多智能體強化學習是近年來新興的研究領域，它結合博弈論與深度強化學習，致力於解決複雜狀態、動作空間下的群體智能決策問題，在遊戲AI、工業機器人、社會預測等方面具有廣泛的應用前景。當前，中國研究者在多智能體算法收斂性理論、多智能體通訊機制學習算法、大規模多智能體系統等問題取得許多進展，正與全世界的研究者一道推進多智能體強化學習的研究。本次 IJTCS MARL Track 將聚焦多智能體通訊算法、基於世界模型的強化學習算法、多智能體策略評估、多智能體強化學習的解概念等前沿課題，希望與廣大研究者一同探討多智能體強化學習的未來發展方向。

Online Search and Pursuit-Evasion in Robotics

In search and pursuit-evasion problems one team of mobile entities are requested to seek, a set of fixed objects or capture another team of moving objects in an environment. Searching strategy or motion planning plays a key role in any scenario. In this talk we briefly introduce several exploration and search models in an unknown environment, and propose a number of challenging algorithmic problems.

A Distance Function to Nash Equilibrium

Nash equilibrium has long been a desired solution concept in economics and game theoretical studies. Although the related complexity literature closed the door to efficiently compute the exact equilibrium, approximation methods are still sought after in its various application fields, such as online marketing, crowdsourcing, sharing economy and so on. In this paper, we present a new approach to obtain approximate Nash equilibrium in any N-player normal-form zero-sum game with discrete action spaces, which is applicable to solve any general N-player game with some pre-processing. Our approach defines a new measure for the distance between the current joint strategy profile of players and that of a Nash equilibrium. The computing process transforms the task of finding the equilibrium into one of finding a global minimization solution. We solve it based on a gradient descent algorithm and further prove the convergences of our algorithm under moderate assumptions. We next compare our algorithm with baselines by experiments, show consistent and significant improvement in approximate Nash equilibrium computation and show the robustness of the algorithm as the game size increases.

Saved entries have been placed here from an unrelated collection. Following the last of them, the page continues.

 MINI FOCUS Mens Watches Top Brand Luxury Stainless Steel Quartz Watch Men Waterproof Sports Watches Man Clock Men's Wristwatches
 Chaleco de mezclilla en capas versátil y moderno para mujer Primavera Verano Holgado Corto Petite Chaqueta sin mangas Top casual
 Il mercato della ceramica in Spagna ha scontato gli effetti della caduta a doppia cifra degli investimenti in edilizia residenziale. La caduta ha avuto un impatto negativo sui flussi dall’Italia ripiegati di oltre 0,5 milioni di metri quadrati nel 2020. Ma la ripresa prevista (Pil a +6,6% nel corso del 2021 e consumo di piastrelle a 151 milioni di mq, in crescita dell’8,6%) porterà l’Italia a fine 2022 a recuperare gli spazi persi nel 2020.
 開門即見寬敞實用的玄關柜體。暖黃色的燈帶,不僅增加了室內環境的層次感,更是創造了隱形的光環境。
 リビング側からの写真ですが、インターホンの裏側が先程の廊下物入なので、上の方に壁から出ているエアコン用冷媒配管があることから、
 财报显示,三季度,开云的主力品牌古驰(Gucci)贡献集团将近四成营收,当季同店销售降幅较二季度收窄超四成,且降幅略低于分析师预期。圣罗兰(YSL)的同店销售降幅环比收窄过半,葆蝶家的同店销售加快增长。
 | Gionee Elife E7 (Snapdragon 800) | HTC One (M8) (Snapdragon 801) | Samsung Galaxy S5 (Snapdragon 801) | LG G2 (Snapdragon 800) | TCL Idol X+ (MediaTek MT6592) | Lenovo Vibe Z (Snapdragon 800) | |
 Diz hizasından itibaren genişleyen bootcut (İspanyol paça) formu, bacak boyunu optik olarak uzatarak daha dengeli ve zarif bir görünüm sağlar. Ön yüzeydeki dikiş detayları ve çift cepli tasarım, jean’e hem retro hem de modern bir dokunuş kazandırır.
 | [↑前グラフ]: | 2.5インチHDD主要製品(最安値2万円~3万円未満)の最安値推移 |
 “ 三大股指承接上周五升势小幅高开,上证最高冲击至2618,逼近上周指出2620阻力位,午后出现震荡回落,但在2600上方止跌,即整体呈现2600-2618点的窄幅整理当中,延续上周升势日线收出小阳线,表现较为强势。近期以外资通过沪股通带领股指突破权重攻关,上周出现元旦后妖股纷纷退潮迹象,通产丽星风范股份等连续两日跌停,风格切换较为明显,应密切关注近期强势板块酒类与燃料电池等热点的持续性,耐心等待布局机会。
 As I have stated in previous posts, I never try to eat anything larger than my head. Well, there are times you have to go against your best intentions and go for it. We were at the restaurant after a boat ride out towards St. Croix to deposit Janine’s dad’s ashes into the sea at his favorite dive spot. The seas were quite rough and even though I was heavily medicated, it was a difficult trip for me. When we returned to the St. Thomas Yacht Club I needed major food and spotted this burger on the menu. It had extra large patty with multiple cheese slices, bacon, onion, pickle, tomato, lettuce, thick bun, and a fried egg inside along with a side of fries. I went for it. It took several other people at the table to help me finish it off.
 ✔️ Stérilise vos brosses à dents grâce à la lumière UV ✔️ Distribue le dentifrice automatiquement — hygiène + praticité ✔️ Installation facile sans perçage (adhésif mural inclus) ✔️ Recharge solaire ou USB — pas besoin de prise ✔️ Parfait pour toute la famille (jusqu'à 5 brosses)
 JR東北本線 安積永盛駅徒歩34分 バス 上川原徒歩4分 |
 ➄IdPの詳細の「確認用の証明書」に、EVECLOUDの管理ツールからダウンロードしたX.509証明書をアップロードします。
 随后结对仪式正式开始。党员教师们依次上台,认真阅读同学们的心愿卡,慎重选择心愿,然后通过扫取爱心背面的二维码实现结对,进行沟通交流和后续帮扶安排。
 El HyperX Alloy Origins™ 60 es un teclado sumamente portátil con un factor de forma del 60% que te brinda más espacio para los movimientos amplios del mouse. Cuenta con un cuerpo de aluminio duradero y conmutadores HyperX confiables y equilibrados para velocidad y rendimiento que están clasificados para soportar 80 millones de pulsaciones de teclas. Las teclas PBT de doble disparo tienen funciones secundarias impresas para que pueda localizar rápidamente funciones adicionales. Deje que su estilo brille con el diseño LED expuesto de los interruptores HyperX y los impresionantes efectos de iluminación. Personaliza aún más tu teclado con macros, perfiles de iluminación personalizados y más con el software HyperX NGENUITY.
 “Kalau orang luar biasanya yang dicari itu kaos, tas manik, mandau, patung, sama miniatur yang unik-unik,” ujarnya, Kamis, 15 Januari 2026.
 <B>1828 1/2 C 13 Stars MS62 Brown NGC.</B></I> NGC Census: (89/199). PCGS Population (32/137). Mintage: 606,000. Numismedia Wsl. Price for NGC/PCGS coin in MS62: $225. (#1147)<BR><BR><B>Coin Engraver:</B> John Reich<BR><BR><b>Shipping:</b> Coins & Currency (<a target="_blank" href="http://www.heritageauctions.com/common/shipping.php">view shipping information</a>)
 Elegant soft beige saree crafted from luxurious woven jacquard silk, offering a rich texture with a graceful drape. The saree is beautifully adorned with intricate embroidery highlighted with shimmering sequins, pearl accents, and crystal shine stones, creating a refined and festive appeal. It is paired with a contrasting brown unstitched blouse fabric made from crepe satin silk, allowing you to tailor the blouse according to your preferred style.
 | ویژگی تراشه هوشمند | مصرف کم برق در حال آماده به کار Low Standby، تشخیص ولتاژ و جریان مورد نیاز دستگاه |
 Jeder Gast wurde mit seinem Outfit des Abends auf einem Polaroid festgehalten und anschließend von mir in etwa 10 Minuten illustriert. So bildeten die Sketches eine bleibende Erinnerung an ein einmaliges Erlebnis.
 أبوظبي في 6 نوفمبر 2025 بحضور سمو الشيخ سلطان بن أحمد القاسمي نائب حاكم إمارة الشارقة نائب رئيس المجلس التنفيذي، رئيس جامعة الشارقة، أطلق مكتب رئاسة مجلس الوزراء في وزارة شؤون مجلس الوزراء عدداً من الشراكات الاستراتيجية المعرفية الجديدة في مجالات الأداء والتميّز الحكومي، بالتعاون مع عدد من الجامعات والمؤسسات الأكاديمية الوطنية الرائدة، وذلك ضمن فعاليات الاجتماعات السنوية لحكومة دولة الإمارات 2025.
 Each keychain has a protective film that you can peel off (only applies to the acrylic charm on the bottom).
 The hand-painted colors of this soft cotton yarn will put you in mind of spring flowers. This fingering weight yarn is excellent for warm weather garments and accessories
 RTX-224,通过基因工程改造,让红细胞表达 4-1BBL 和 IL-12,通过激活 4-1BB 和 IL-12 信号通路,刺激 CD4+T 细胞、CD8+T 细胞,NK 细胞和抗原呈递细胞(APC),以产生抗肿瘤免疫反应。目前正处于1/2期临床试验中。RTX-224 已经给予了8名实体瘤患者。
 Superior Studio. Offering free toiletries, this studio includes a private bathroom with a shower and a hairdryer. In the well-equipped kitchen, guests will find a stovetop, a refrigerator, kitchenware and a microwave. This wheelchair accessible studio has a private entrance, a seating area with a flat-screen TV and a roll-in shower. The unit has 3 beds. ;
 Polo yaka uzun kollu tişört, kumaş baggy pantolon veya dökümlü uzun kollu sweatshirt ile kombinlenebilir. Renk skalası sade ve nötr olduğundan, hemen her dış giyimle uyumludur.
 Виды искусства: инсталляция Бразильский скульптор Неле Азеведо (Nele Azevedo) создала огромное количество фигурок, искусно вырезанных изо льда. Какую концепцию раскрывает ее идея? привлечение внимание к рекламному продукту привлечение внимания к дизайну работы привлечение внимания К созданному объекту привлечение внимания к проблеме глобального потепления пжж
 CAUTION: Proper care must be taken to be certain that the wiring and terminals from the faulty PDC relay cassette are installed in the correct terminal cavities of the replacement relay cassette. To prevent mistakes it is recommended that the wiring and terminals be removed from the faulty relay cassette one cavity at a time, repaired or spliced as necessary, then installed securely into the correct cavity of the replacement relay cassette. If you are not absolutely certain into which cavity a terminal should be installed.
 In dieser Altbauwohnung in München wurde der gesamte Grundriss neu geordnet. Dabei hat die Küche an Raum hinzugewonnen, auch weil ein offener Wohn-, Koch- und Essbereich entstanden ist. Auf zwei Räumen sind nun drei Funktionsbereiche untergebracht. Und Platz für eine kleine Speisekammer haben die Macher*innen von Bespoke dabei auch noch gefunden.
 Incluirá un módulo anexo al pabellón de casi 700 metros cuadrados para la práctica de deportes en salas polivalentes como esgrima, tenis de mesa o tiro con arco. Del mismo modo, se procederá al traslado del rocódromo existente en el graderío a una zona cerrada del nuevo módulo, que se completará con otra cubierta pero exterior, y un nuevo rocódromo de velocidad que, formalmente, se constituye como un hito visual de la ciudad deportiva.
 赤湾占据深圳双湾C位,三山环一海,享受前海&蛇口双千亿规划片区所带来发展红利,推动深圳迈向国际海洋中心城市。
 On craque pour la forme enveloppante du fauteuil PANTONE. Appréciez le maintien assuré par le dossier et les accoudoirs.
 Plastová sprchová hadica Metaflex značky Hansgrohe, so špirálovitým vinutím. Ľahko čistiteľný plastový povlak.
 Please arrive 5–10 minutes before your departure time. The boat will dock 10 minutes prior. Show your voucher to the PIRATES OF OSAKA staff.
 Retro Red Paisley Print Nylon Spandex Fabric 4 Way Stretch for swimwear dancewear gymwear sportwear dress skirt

Model-based Multi-Agent Reinforcement Learning

Multi-agent reinforcement learning (MARL) typically suffers from low sample efficiency due to useless multi-agent exploration in the state & joint action space. In single-agent RL tasks, there has been an increasing interest of building environment dynamics model and performing model-based RL to improve the sample efficiency. In this talk, I will perform an attempt to build model-based methods to achieve sample-efficient MARL. First, I will discuss several important settings of model-based MARL tasks and the key challenges there. Then I will delve into the decentralized model-based MARL setting, which can be used on almost all decentralized model-free methods of MARL. Theoretic bound on policy value discrepancy will be derived, based on which an effiicient decentralized model-based MARL algorithm will be introduced. Further, I will show the preliminary experimental results. The final takeaway of this talk will be the discussion of feasibility and challenges of model-based MARL.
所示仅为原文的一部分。